[Material supplied — start]

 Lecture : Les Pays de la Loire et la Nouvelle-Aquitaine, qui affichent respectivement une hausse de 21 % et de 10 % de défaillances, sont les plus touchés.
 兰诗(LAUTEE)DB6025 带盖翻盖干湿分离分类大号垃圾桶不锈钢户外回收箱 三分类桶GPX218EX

[Material supplied — finish]
[Material supplied — start]

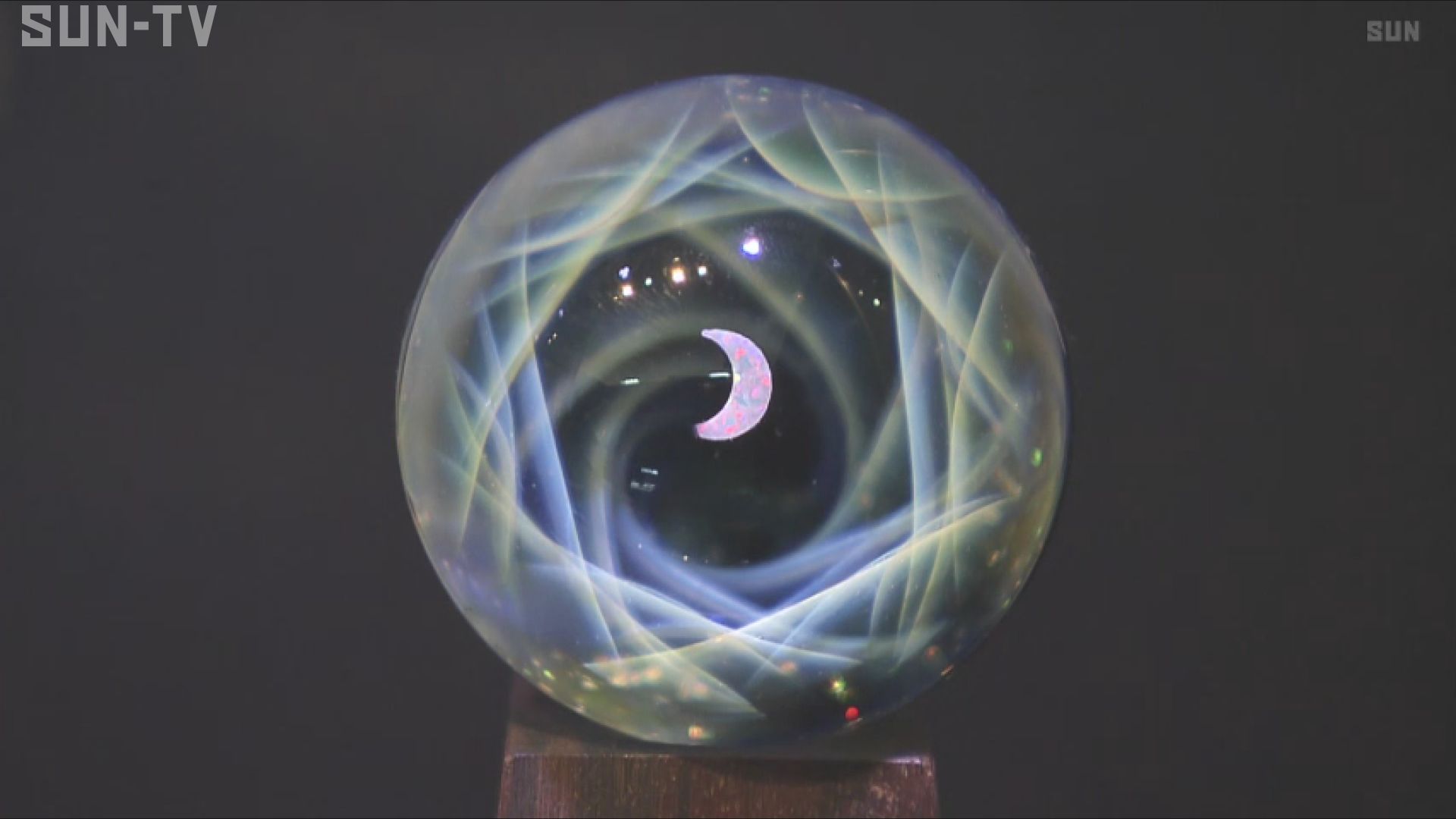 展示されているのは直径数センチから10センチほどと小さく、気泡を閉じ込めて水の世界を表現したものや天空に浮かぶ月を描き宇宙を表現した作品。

[Material supplied — finish]

§ Required action
Above are the records. Copy the lines beginning at the one that has "Lecture : Les" and ending with the one that has "兰诗(LAUTEE)DB6025 带盖翻盖干湿分离分类大号垃圾桶不锈钢户外回收箱 三分类桶GPX218EX", unchanged.

§ Response below
 Lecture : Les Pays de la Loire et la Nouvelle-Aquitaine, qui affichent respectivement une hausse de 21 % et de 10 % de défaillances, sont les plus touchés.
 兰诗(LAUTEE)DB6025 带盖翻盖干湿分离分类大号垃圾桶不锈钢户外回收箱 三分类桶GPX218EX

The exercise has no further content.